In modern studies, we can see some key differences: policymaking at a smaller scale seems to allow ‘entrepreneurs’ more opportunities to propose solutions and generate attention to problems; and, it seems possible to short-circuit the need to ‘soften’ policies by finding sympathetic audiences in different ‘venues’ or importing solutions that have a reputation for working elsewhere. Yet, most of MSA’s abstract insights remain ‘universal’, inviting us to adopt a counterintuitive strategy of producing solutions then chasing problems, and focus on framing and persuasion to reduce ambiguity and generate demand for evidence, rather than producing more and more evidence to reduce uncertainty in the hope that scientific evidence will win the day or speak for itself.
We often use the metaphor of ‘tools’ to describe the ways in which people use public policy analysis. For some, the suggestion is that – like a hammer and chisel – anyone could pick them up and use them. Yet, let’s think about that metaphor some more:
Anyone can use a hammer and chisel, but many people lop of their fingers or break things while doing so.
You use a hammer and chisel for a particular purpose, such as to create a sculpture. We can all whack a bit of stone with a blunt object, but it takes skill to turn it into something worth your attention.
Many tools require training before you should use them: power tools, lasers, MRIs, the screws to insert frames into broken bones, and so on.
My argument is this: you wouldn’t trust a political scientist to make you a piece of art, fix your window, do your laser eyesight correction, or scan your brain, because it is generally not a good idea to pick up and use these tools without training. So, have a quick think about who you would trust with policy tools if they just picked them out of the shed and used them for the first time.
What sort of training do you need to use policy analysis tools effectively?
Let me give you three examples, bearing in mind that the tools metaphor will get annoying soon:
It offers a simple way to turn evidence into policy: you use evidence to identify a problem, provide a range of feasible evidence-based solutions, choose the best solution, then legitimise, implement, and evaluate the solution.
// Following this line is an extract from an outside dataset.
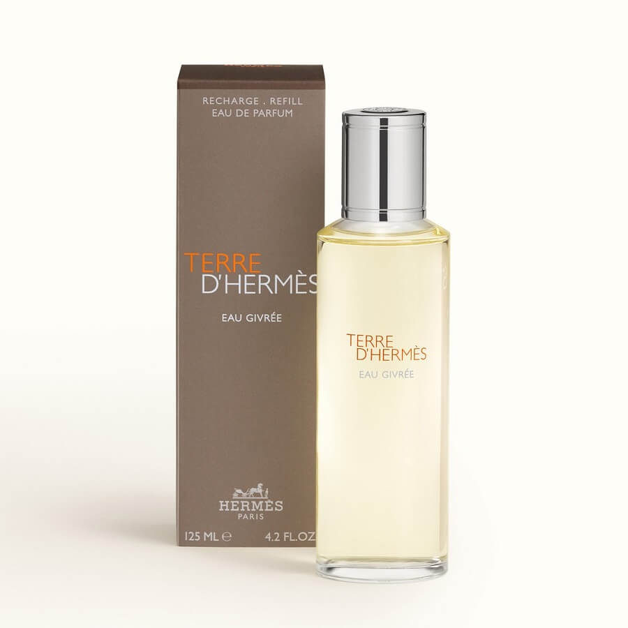 Zahvaljujući Terre d'Hermès Eau Givrée bočici za ponovno punjenje od 125 ml, raspršivači od 50 ml ili 100 ml izrađeni od ledenog stakla i brušenog aluminija mogu se jednostavno ponovno napuniti. Ekološki osviještena gesta – neraskidivo povezana s predmetom koji je stvoren da traje. Terre d'Hermès Eau Givrée, toplina leda. Nova parfemska voda ispunjena intenzivnom svježinom. Miris Terre d’Hermès Eau Givrée, koji je kreirala Christiane Nagel, parfumerka Hermèsa, kombinira vitalnost limuna i jezgrovitu svježinu bobica kleke sa snagom Timut papra. Ledeni dodir susreće se s izdašnim mineralnim i drvenim notama koje karakteriziraju Terre d’Hermès. Terre d’Hermès Eau Givrée istražuje nova područja u kojima su svježina i snaga u dijalogu. “Fini, ledeni veo čini zemlju plodnom i ispunjava je novom, osnažujućom snagom,” kaže Christine Nagel, glavni parfumer u Hermèsu. Terre d’Hermès Eau Givrée hvata dvije suprotnosti u jednoj bočici: rashlađujuću svježinu i vitalnu snagu. Eau de Parfum kombinira vitalnost citron limuna s jezgrovitom svježinom bobica kleke i snagom Timut papra. Kolekcija Terre d’Hermès opisuje odnos između čovjeka i zemlje. Njegov dijalog s prirodom i elementima karakterizira skromnost i sklad.
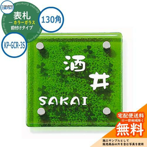 表札 ガラス おしゃれ カラーガラス 130角タイプ 正方形 KP-GCR-3S 機能ポール専用

However, you soon find that the cycle is the equivalent of, say, a manual carpet sweeper. The technology has moved on, and we now have a much improved understanding of the policy process. In empirical policy analysis, the cycle remains as a way to begin our discussion before identifying more useful concepts and theories.
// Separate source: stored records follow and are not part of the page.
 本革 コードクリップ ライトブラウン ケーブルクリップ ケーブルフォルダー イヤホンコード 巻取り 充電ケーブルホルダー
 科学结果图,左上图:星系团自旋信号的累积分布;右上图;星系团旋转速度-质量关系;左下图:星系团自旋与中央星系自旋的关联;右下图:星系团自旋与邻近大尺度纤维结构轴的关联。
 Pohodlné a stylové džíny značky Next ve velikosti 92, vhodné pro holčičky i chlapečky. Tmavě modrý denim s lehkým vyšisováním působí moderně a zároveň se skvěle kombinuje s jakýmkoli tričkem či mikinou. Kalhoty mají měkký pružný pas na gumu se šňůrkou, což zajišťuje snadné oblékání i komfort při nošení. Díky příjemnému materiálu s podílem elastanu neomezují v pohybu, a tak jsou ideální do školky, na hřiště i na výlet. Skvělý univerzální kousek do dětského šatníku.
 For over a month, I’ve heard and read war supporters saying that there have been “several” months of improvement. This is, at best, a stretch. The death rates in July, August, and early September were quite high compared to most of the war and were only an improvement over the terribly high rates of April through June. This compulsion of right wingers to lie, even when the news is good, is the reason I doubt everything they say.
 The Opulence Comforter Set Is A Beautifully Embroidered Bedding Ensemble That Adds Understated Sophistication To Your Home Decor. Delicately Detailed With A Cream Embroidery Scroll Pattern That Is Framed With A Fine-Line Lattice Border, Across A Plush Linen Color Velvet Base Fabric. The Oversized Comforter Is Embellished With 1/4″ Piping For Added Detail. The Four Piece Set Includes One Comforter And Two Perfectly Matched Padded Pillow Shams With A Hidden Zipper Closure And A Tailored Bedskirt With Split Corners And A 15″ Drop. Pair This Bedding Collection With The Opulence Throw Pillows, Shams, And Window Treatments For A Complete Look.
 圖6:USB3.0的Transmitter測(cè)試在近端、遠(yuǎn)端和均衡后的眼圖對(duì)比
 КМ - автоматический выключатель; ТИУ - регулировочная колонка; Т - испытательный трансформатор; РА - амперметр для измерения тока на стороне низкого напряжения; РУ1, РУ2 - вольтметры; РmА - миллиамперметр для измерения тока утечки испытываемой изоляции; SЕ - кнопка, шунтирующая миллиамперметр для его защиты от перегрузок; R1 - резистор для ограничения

Using the tools metaphor, you need regular training to know about the state of the art of the technology we use.
It too offers a simple way into the subject. Further, it remains a well-respected and much-used tool for analysis. Let’s say it is like the X-ray. It has been used for decades and it remains a key tool in medicine (and security). You need some training to operate it and, crucially, your training would not stop at ‘here is how we used it in the 1980s’.
In other words, many people pick up Kingdon’s classic book and apply its simple insights without much reference to 3 decades of conceptual advance (much contemporary MSA was developed by other people) and hundreds of other empirical applications.
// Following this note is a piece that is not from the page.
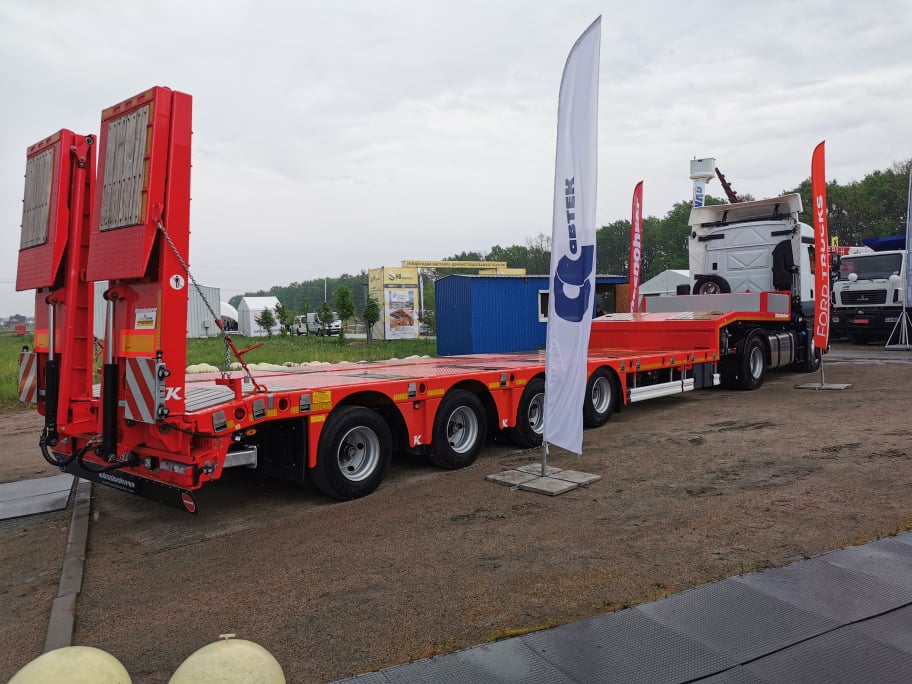 На стенде компании АВТЕК представлен четырехосный трал марки Kassbohrer – модель K.SLS 4/2N-18/40. Он имеет длину платформы 9240 мм, а внешняя длина составляет 13 190 мм. Вісота платформы – 890 мм. Длина гуська – 3950 мм. Колесная база – 8480 мм. Высота ССУ – 1300 мм. Шины применяются размерности 245/70 R17.5. Шасси изготовлена из высокопрочной стали ST 52 в соответствии со стандартом ISO 1726.

Using the tools metaphor, you need regular training to keep up to date with the ways in which people use the technology.
This is a fairly common exercise: people pick and choose concepts, adapt them to produce their models, and apply different concepts in different ways. If you are optimistic, you will think of something like a Dremel which has the same starting point/ base unit and dozens of compatible attachments. If, like me, you are not so optimistic, you imagine a frying pan radio or an X-ray machine glued onto the side of an MRI. It can be fruitful to combine the insights of concepts and theories, but not without thinking about the trade-offs and the compatibility between concepts (which prompts some scholars to identify one kind of tool to replace another).
Using the tools metaphor, you need regular training to know how compatible each tool is with the other, and if one is used to replace another.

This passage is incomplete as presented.